Eine überprüfbare Beobachtung

Der Mensch ist bei der Geburt weich und schwach, im Tod hart und starr. Pflanzen sind lebendig zart und biegsam, abgestorben trocken und spröde. Laozi beginnt nicht mit einem moralischen Gebot, sondern mit einer Beobachtung, die jeder prüfen kann. Leben erhält Form, indem es seine Form fortwährend verändern kann.

Darum gehören harte Stärke und Tod, weiche Schwäche und Leben zusammen. „Schwach“ meint nicht funktionslos; es bezeichnet die noch feine, nicht völlig verdichtete Seite. Ein Muskel, der sich nie lösen kann, ist nicht stärker, sondern verletzt. Eine Institution, die keine Ausnahme mehr verarbeiten kann, ist trotz ihrer Macht schon brüchig.

Starkes unten, Zartes oben

Ein starres Heer siegt nicht dauerhaft, ein harter Baum wird gefällt.
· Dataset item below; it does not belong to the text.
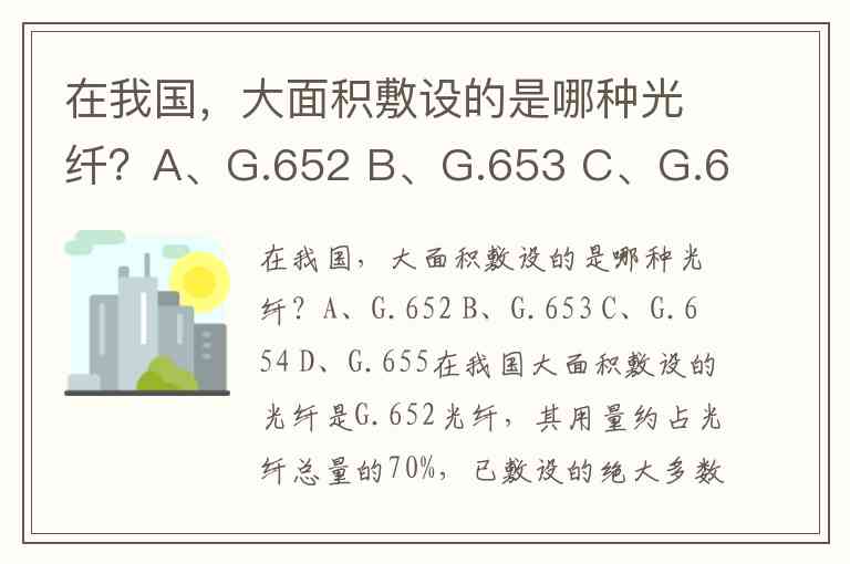 在我国,大面积敷设的是哪种光纤?A、G.652 B、G.653 C、G.654 D、G.655

Die Härte ist nicht nur äußeres Opfer: Der Baum ist für die Axt verfügbar, weil sein Wachstum in Starrheit übergegangen ist. Das Große und Starke gehört nach unten als tragender Grund; das Weiche, Schwache und Feine nach oben, wo Wahrnehmung und neue Triebe entstehen.
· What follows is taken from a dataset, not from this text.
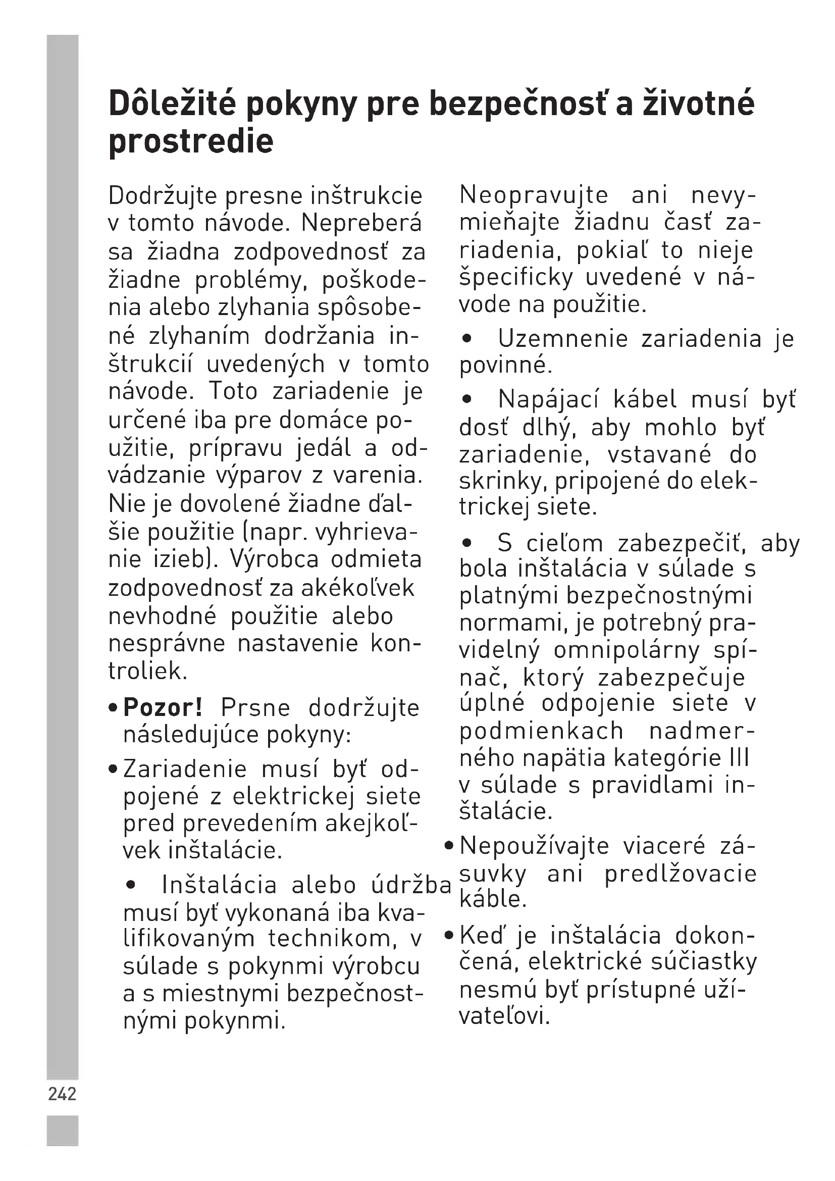 - Keď je inštalácia dokon- čená, elektrické súčiastky nesmú byť prístupné uží- vateľovi.243 Dôležité pokyny pre bezpečnosť a životné prostredie

Diese Ordnung kehrt gewöhnliche Prestigehierarchien um. Infrastruktur darf stark sein, Begegnung muss beweglich bleiben. Ein Staat braucht verlässliche Institutionen, aber Menschen dürfen nicht wie Institutionsteile verhärtet werden. Lebendigkeit erkennt man nicht daran, dass nichts sie bewegt, sondern daran, dass Bewegung sie nicht zerstört.